Besides, you can't claim it's a giant step backwards without proof or strong indications that FMA, gather/scatter and AVX-1024 don't suffice to increase performance and reduce power consumption sufficiently to make it work.

You know it's funny. I never seem to recall Intel announcing that CPU cores would get 64B vectors or scatter/gather. Maybe you can point me to that roadmap?

David
 
RV770's shader and texture units take 40% of its die space. Reducing it to R600 computing power would save about 30% of die space. This appears to closely correlate with the transistor count difference (also note its memory controller is less wide).
If you are only scaling back the SIMD portion, then RV770 would have been pretty much the same die size, with a hole of unused silicon in the middle. Unless you are also advocating cutting the memory bus, dropping off other parts of the chip, and changing the layout significantly, it would have been pad limited.
Per ATI, two of its SIMD blocks were effectively "free" because of tools improved more than was expected from the problematic set they had for R600, hence the mismatch in interpolator capability and SIMD count.

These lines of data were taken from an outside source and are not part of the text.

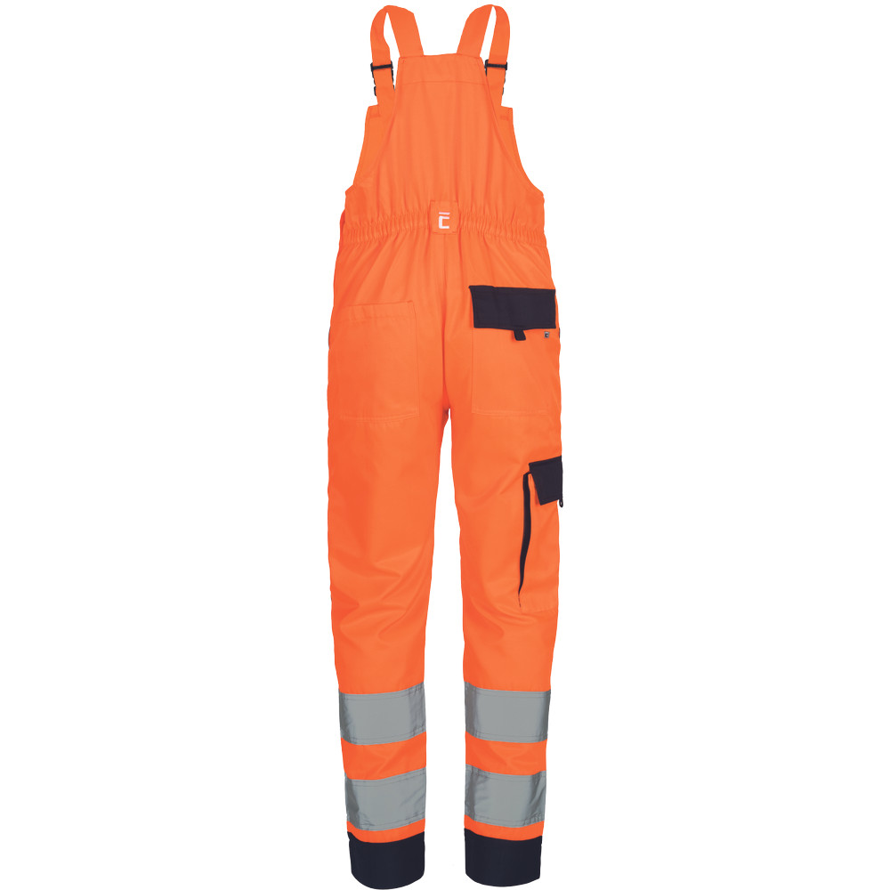 HI-VIS mellesnadrág rugalmas derékkal, széles pántokkal, műanyag csatokkal, amelyet kifejezetten a biztonságos és kényelmes munkavégzéshez terveztek. A rugalmas derékrész garantálja a kényelmet egész nap.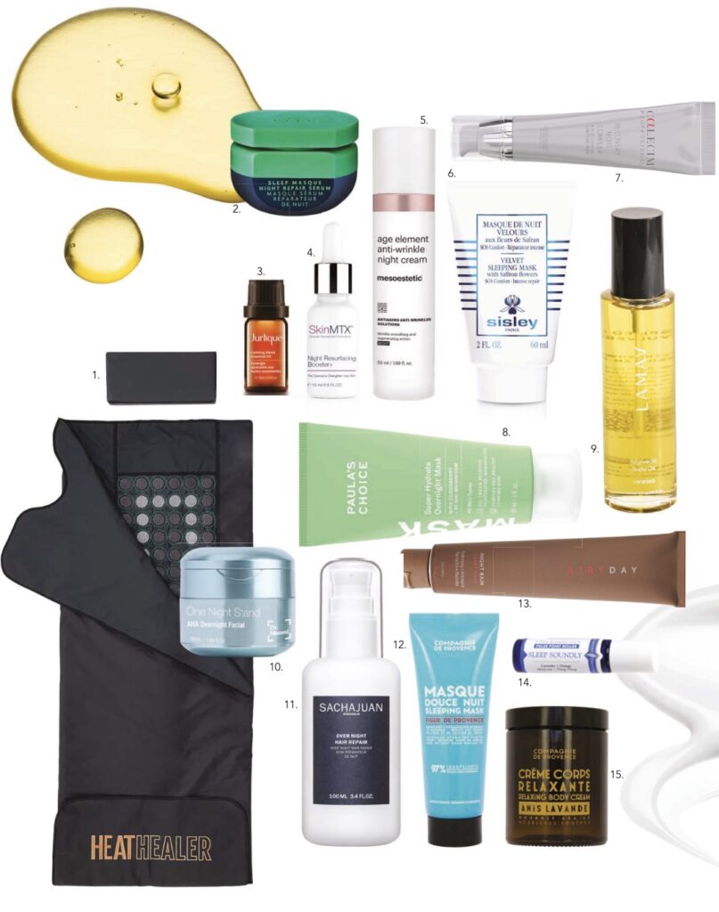 1. Heat Healer Infrared Sauna Blanket RRP $798, 2. Rogue Beauty R+Co Bleu Sleep Mask Night Repair Serum 56.7g, $230, 3. Jurlique Calming Blend Essential Oil 10ml, $36, 4. SkinMTX Night Resurfacing Booster+ 15ml, $79, 5. mesoestetic age element anti-wrinkle night cream, $179, 6. Sisley Velvet Sleeping Mask 60ml, $180, 7. CALECIM Recovery Night Complex 60g, $145, 8. Paula’s Choice Super Hydrate Overnight Mask, $49, 9. LAMAV Ayurvedic Body Oil in UNWIND, $49, 10. Dr Naomi Skin One Night Stand 50ml, $149, 11. Rogue Beauty Sachajaun, Over Night Hair Repair 100ml, $84, 12. Compagnie de Provence Antioxidant Fig Night Face Mask, $82, 13. AIRYDAY Night Rain Sleep Mask, $34.95, 14. Buckley and Phillips Gumleaf Essentials Pulse Point Roller Sleep Soundly 9ml, $19.95, 15. Compagnie de Provence Anise Lavande Body Cream, $69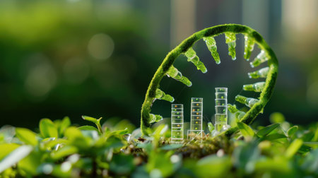 A visually striking representation blending a DNA strand with test tubes amid lush greenery, symbolizing the harmony between science and nature.
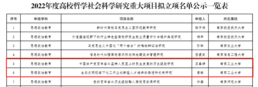 近日,江苏省教育厅发布《2022年度江苏高校哲学社会科学研究重大项目拟立项名单公示》,依托公司申报的两项思政专项获得立项,分别是王春婷教授的《中国共产党百年奋斗坚持人民至上的民生发展的历史经验研究》和袁瑜博士的《生态文明视域下化工行业创新型人才培养的路径和机制研究》。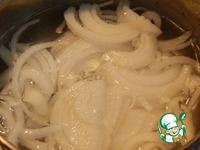 Воду (500мл, указанных в рецепте)немного нагреть и подсолить. Замочить в ней лук до остывания |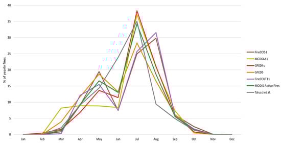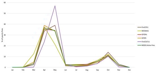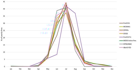 For FireCCI51, the proportions of June/August fires are decreased/increased, respectively, with an almost identical percentage, ca. 22%, of BA occurring in both early and late summer. The FireCCILT11 dataset agrees that most BA in this region is produced in July (42%). However, the seasonal pattern otherwise differs significantly from the other datasets. FireCCILT11 shows that BA constantly increases by 2.5–3% per month from March to June, before jumping to the July peak, a small drop to August (37%), followed by a second, steeper drop down to 4% in September, suggesting that BA is produced toward the end of summer rather than the start.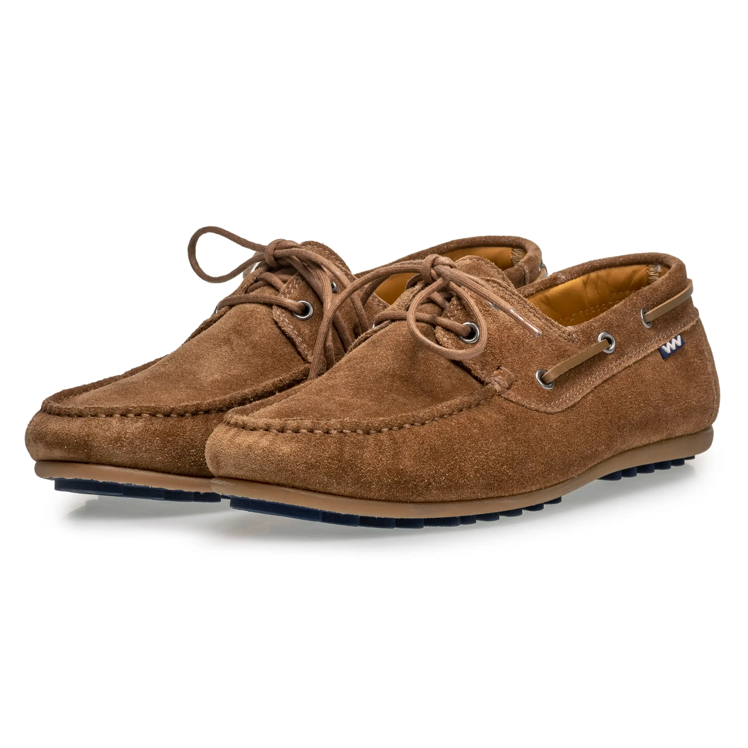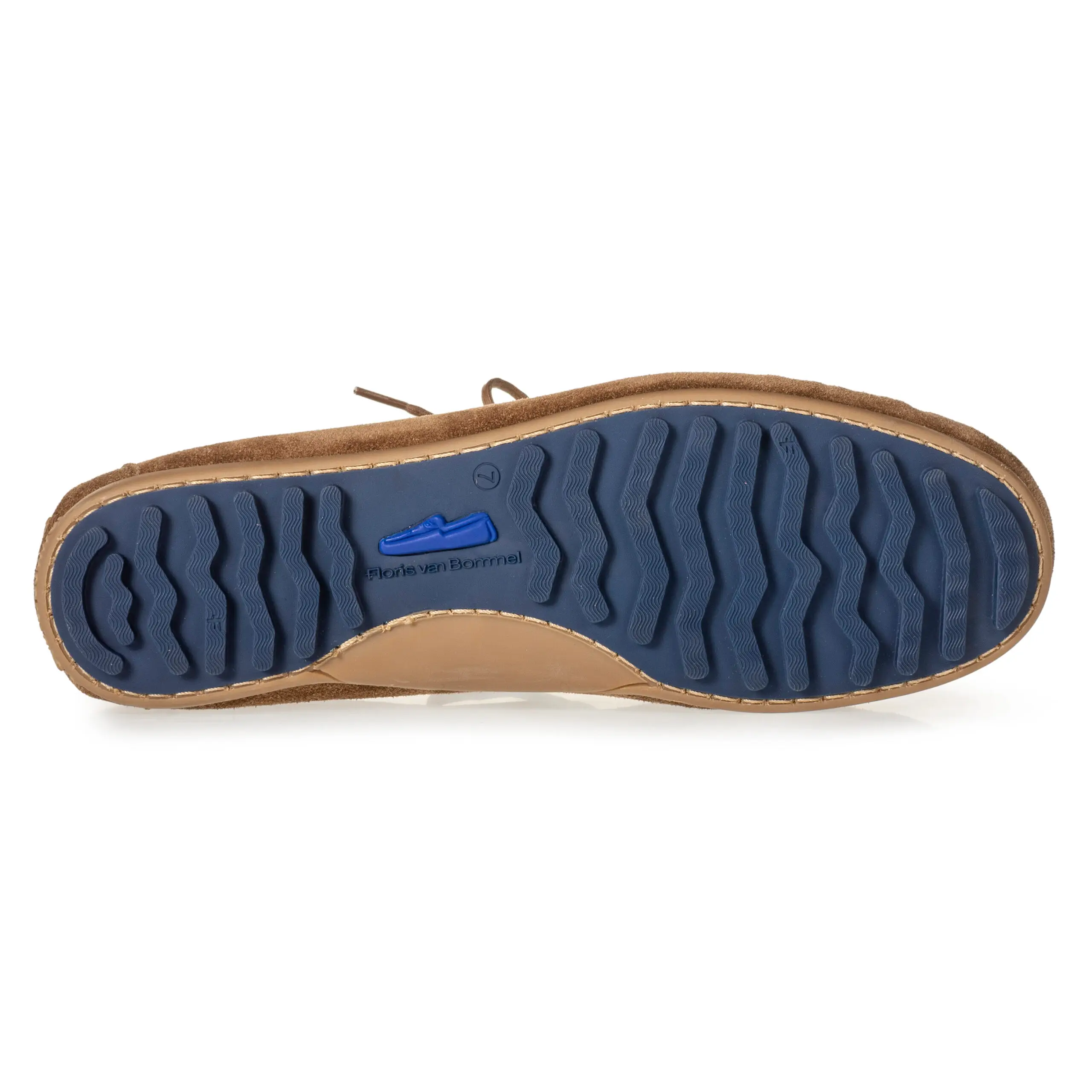 Deze schoen is gemaakt volgens de Mocassin maakwijze. Dit betekent dat het leer van de schoen onder de voet doorloopt. De schoen zit zo als een soort sok om de voet heen. De Mocassin maakwijze staat bekend om zijn soepele karakter en de authentieke look van het met de hand aangebrachte stiksel op de voorvoet. De TPU zool is op het loopvlak voorzien van een prettig antislip profiel. De schoen is volledig gevoerd met kalfsleer en is voorzien van een comfortabel, volledig uitneembaar, voetbed. Deze variant is uitgevoerd in een cognac suède dat gelooid is in een gespecialiseerde Toscaanse suède looijerij.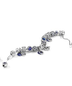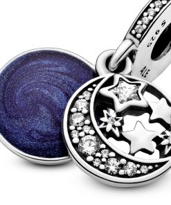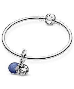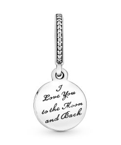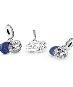 Express your love in the most beautiful way possible with this magical Moon & Blue Sky Dangle charm. Crafted in sterling silver. this exquisite piece features two double-sided pendants decorated with blue enamel. shimmering cubic zirconia stones and the engraving ‘I love you to moon and back.’ Wear it with other blue and sterling silver charms on a snake chain bracelet or as a single pendant on a Pandora necklace chain.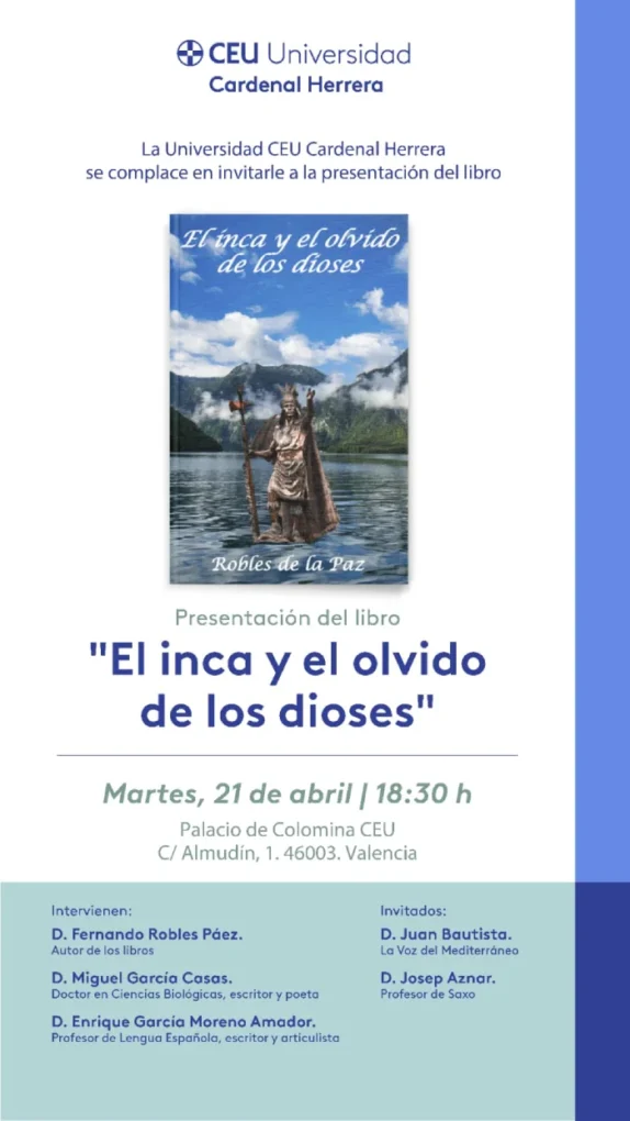 VALENCIA – El próximo martes 21 de abril, el Palacio de Colomina, sede cultural de la Universidad CEU Cardenal Herrera, se vestirá de gala para acoger la puesta de largo de la última obra de Fernando Robles Páez: El inca y el olvido de los dioses.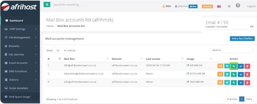 If you would like to know How to update your email password in cPanel please read our Help Centre article for further assistance.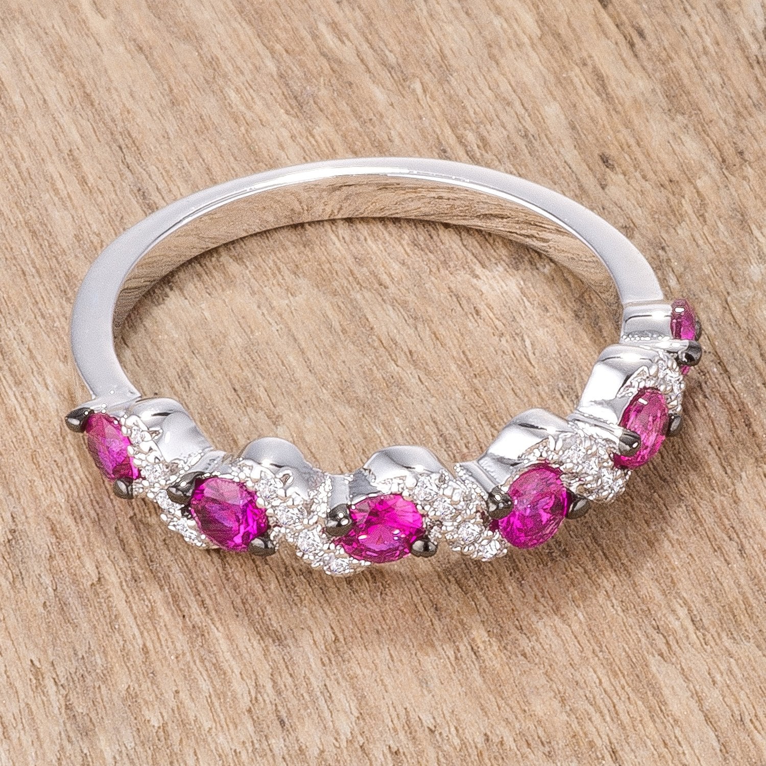 .18Ct Rhodium and Hematite Plated S Shape Fuchsia and Clear CZ Half Eternity Band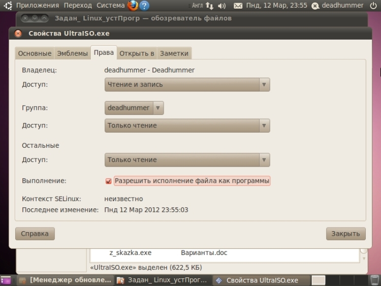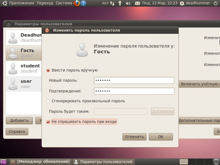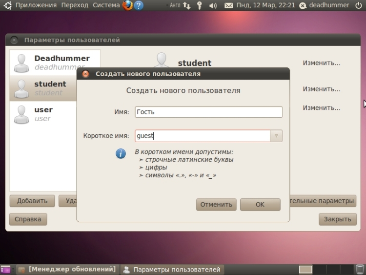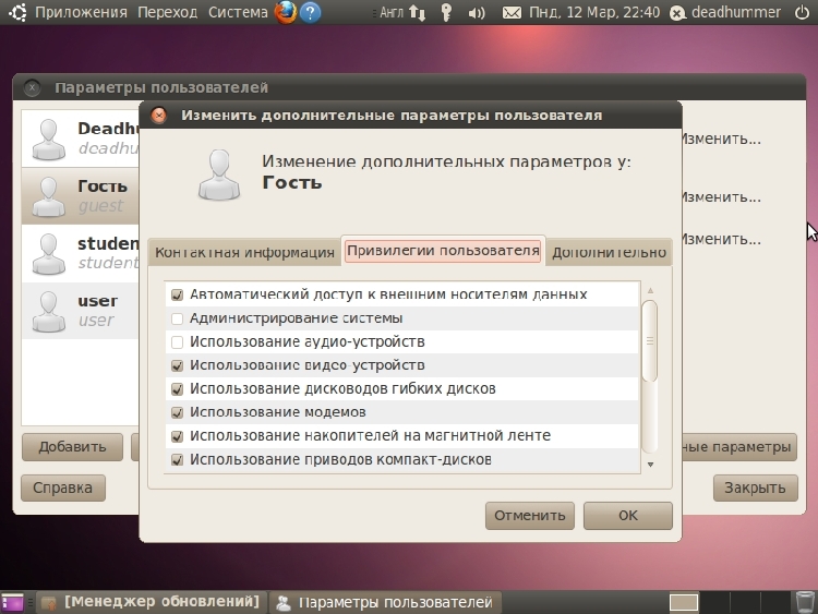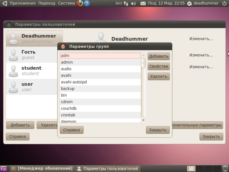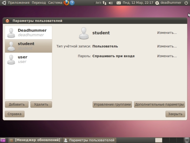 Практическая работа №2Установка и удаление программ через центр управленияУдаление.Для того чтобы удалить приложение открываем “Центр приложений Ubuntu” – меню «Приложения» ![]() Если вы хотите посмотреть дополнительную информацию о приложении, то нужно нажать кнопку «Подробнее». Там так же имеется кнопка «Удалить». ![]() Так же можно удалять программы с помощью менеджера пакетов Synaptic. Для этого переходим в меню «Система» ![]() Указываем пароль администратора (Обязательное действие.) Программа имеет множество параметров настройки, обновления и многого прочего. Нас же интересует Кнопка состяние и пункт «Установленные». Выбираем из списка требуемую программу или не требуемые элемент программы, нажимаем правой клавишей мыши и выбираем пункт «Отметить для удаления» или «Ометить для полного удаления» (Разница между ними в том, что при удалении удаляется запись о программе из центра приложений и меню, файлы программы не удаляются, либо удаляются частично; а полное удаление удаляет с диска файлы программы и ее конфигурационные файлы из папок конфигурации) ![]() Соглашаемся на данное действие и нажимаем кнопку «Применить». ![]() ![]() Для установки приложенийчерез менеджер пакетов Synaptic производим обратные действия. УстановкаДля того чтобы установить приложение открываем “Центр приложений Ubuntu” – меню «Приложения» ![]() ![]() ![]() После ввода пароля администратора начнется процесс установки. ![]() Также за процессом установки приложений можно наблюдать, нажав кнопку «В процессе». ![]() Практическая работа №3Создание пользователей и присвоение им правДля управления пользователями и группами переходим в меню «Система» ![]() Для добавления нового пользователя нажимаем кнопку «Добавить» в нижнем левом углу под списком пользователей, водим пароль администратора, затем вводим имя пользователя, при потребности изменяем короткое имя, и нажимаем «Ок», вводим пароль для учетной записи.

By the way, the move from VLIW5 to VLIW4 also decreased computing density, but again of course the increased efficiency for today's workloads should make it worth it.
VLIW4's primary justification was that allowed AMD to compact the ALU section further.
This has the upshot that since other (less programmable) parts of the chip did not shrink or were augmented, compute density would go down.
http://www.anandtech.com/show/4061/amds-radeon-hd-6970-radeon-hd-6950/4
Within the compute section, Anandtech cites a 10% improvement in efficiency per mm2, although this could be open to interpretation since I don't think percent of efficiency per area makes sense if taken literally.

If you look at the radical changes in GPU architectures in the last decade, it's really not that hard to see that by the end of this decade texture sampling could very well be performed in software. It's one of those things which is currently either a bottleneck or idle silicon, and suffers from high latency (even when the data is close and filtering is disabled). Likewise generic load/store units can be a bottleneck or twiddling thumbs. By 'unifying' them you get more bandwidth for any task, and by lowering the latency the number of strands can be reduced (better scaling behavior) and the register set can be reduced.
The bandwidth capabilities per area for generic load/store units in desktop CPUs do not match that of the TMUs in a GPU.
The apparent benefit, if we accept your assertion that we can get more for any task, is that we use less cheap SRAM.

CPUs can get there sooner.

We may see it sometime after Haswell's successor, perhaps in 2016.
 
Nick said:
Of course there were more changes than just the shader unification, but I'm inclined to think it's a major contributor to the lower computing density. Suddenly every core had to have all features to ensure both vertex and pixel shaders ran efficiently.
Given the nature of this thread, I do believe this is about the single most ironic statement that could have possibly been made.
 
VLIW4's primary justification was that allowed AMD to compact the ALU section further.
This has the upshot that since other (less programmable) parts of the chip did not shrink or were augmented, compute density would go down.
http://www.anandtech.com/show/4061/amds-radeon-hd-6970-radeon-hd-6950/4
Within the compute section, Anandtech cites a 10% improvement in efficiency per mm2, although this could be open to interpretation since I don't think percent of efficiency per area makes sense if taken literally.
I think that is a misquote by Anandtech. IIRC, one of the slides said 10% more perf/mm2.
 
Hi Nick, I tested SwiftShader a bit and found that point sampling tex2D() a 256x1 ARGB8 texture with (1.f / 256, 0) dosen't return the 1th texel, but 0th. There seems to be a slight sampling offset of -1.0/65536.
1.0 / 256 is in between texel 0 and 1, and due to round-to-nearest-even it selects texel 0. Are you getting different behavior with the reference rasterizer? Does 1.01 / 256 get you texel 1?
 
Have you ever looked a mobile phone?
Yes. But here I'm talking mostly about Larrabee type technology, and how it could relate to the IGP and desktop CPU.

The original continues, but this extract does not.